The avalanche of letters (Nov. 7) that appeared in support of and against the views expressed in the article “Narendra Modi and why 2002 cannot go away” by N. Ram (Nov. 6) reinforces the extremely polarising nature of Mr. Modi. Whether such a leader will be able to hold together a country of huge size and immense diversities is extremely doubtful. Going through the responses, one is flabbergasted to note that those defending Mr. Modi do so by repeating the same specious arguments that Mr. Ram himself has listed and sequentially demolished in the most erudite article on the subject in recent times.

Shahabuddin Nadeem,


The article is an excellent analysis of contemporary politics. The nation is in dire need of an alternative to the Congress-led UPA. But it is in a dilemma over choosing a new leader. Many voters are neither prepared to accept Mr. Modi as a known devil nor reject him as an unknown angel. But the article is a timely reminder which reflects the nation’s conscience.

M. Xavier,


I agree that the sangh parivar’s right-wing agenda is far too obvious. I agree the pogrom and its repercussions were horrible.
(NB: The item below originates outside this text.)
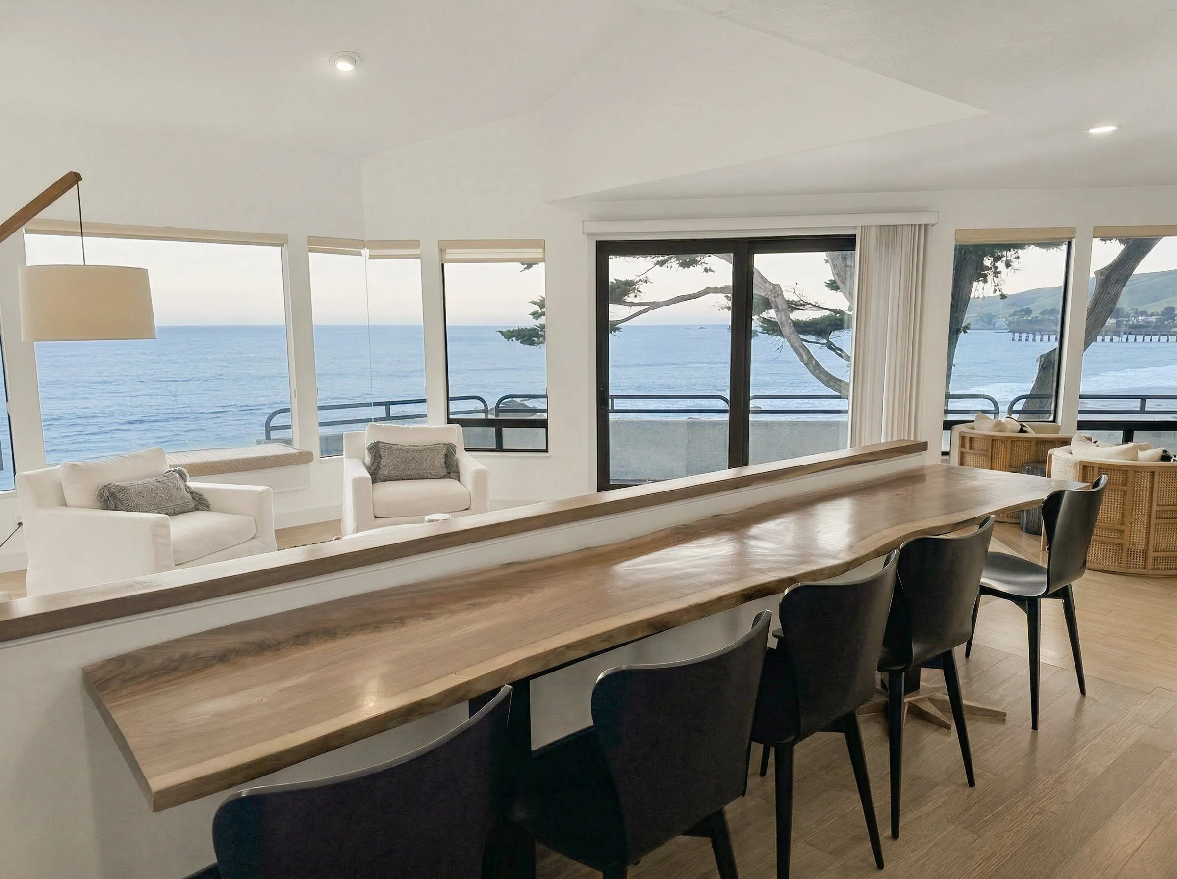 MONTHLY RENTAL (30+ DAYS) - Discover an extraordinary oceanfront retreat, where the rugged Central California coast meets a unique home that blends elevated design with classic coastal charm, and space for everyone! You'll feel like it's your own private ship at sea with so many great amenities and areas to explore. Enjoy unobstructed sunset views along the beach and soak in the coastal vibe, all within a short stroll to downtown shops, galleries, restaurants, the pier, and the Cayucos Landing Vets Hall.

Agreed, those smitten by Mr. Modi, especially the youth, need to know about his alleged role in the riots. But don’t they also need to know that there have been no riots in Gujarat in the last decade?

Sidharth K. Varma,


Many voters are unlikely to support the BJP. But his “unenviable international status” will not in the least deter them from endorsing him. If Mr. Modi does become the Prime Minister, the self-righteous West will continue to do business with him as usual, as India is a strong country, warts and all.